Task description: I'd like an exact copy of only the lines from the start of the listing below through the line that holds "С говядиной, рисовой". Please keep the pictures out.

Recorded information:
==*==
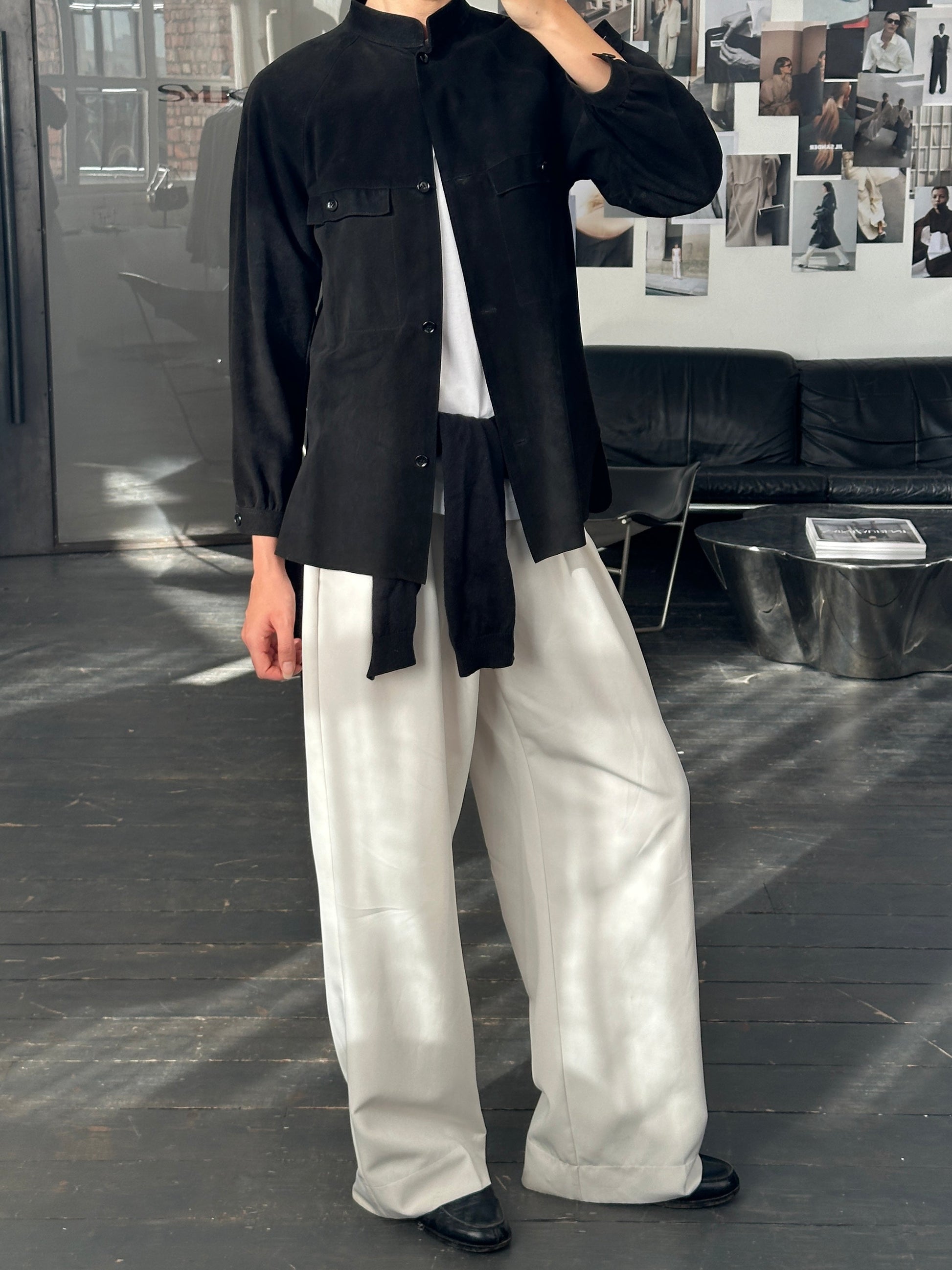 ~ Minimal overshirt silhouette with mandarin collar and flap chest pockets
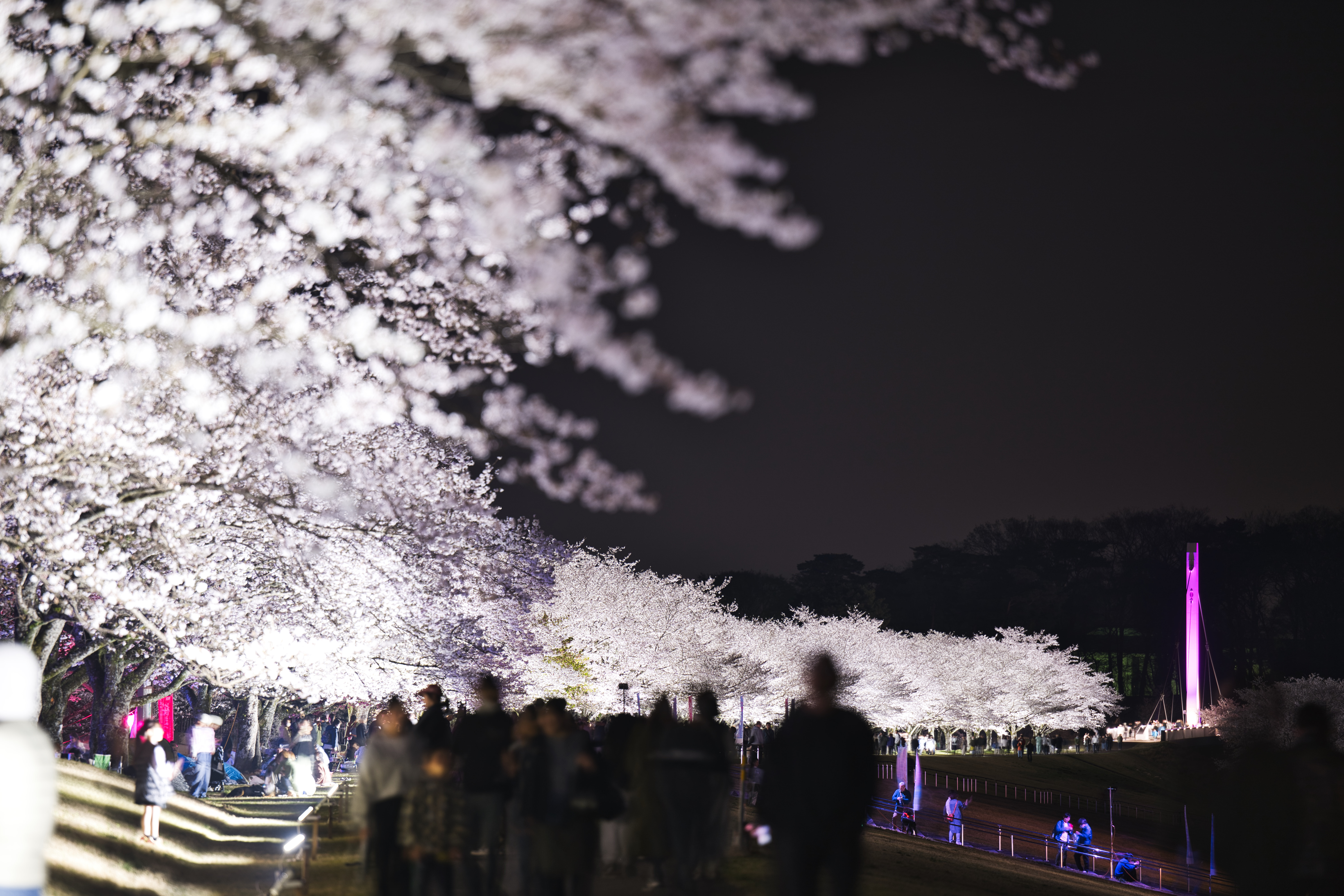 Illuminated Cherry Blossoms in Full Bloom at Night with Hanami Viewers
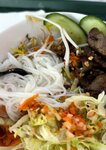 С говядиной, рисовой лапшой, имбирем и луком. Подаётся с лаймом, кинзой, острым перцем, ростками бобов, мятой
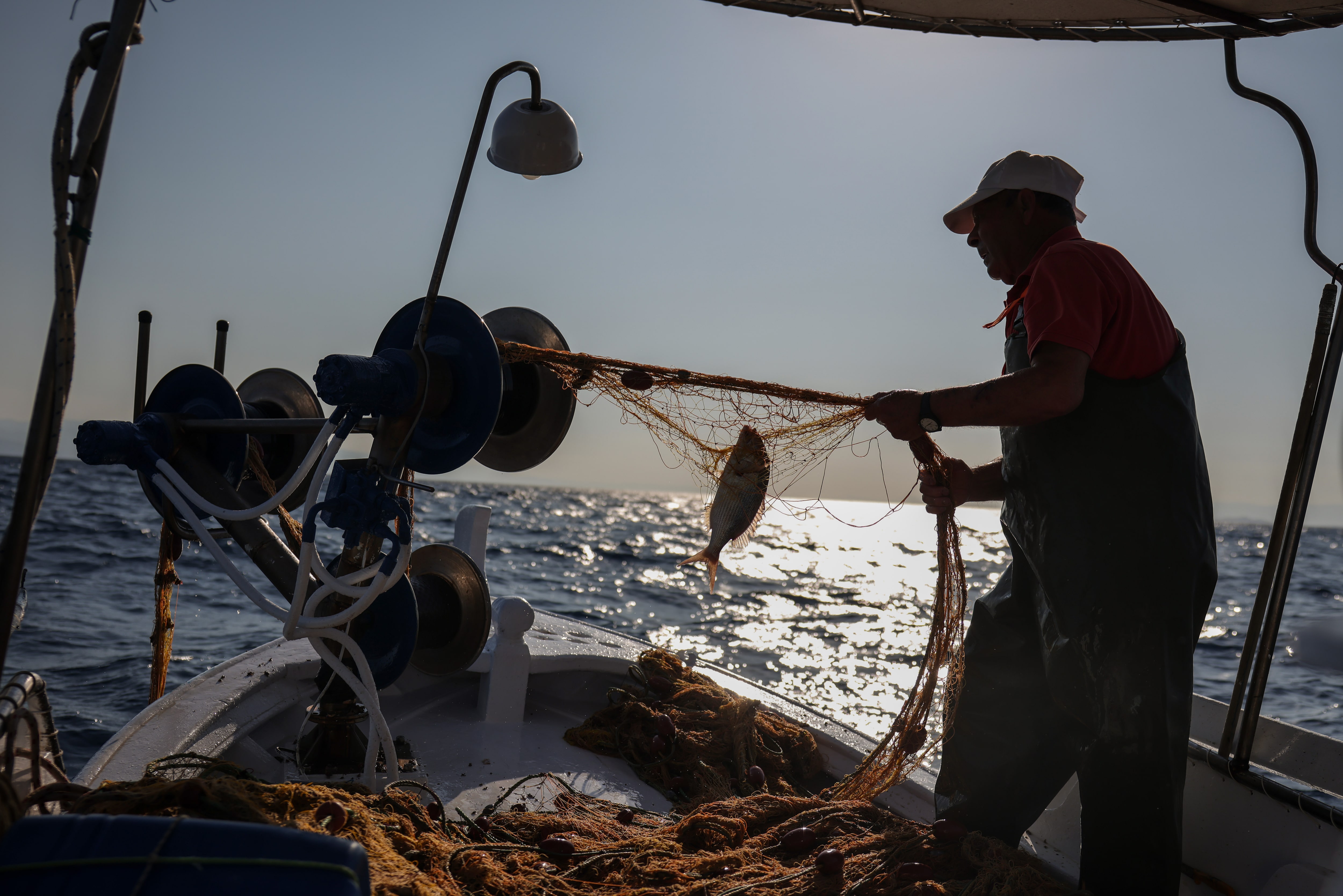 2025年6月28日,希臘萊斯博斯島附近特索尼婭海域,70歲漁民薩諾斯·馬爾馬裏諾斯正在收漁網。路透社/Louisa Gouliamaki這類威懾措施使歐洲移民數量自2015年危機以來大幅減少,但人權組織指出,這會讓試圖入境者面臨生命危險。
==*==
Answer to the problem:
 ~ Minimal overshirt silhouette with mandarin collar and flap chest pockets
 Illuminated Cherry Blossoms in Full Bloom at Night with Hanami Viewers
 С говядиной, рисовой лапшой, имбирем и луком. Подаётся с лаймом, кинзой, острым перцем, ростками бобов, мятой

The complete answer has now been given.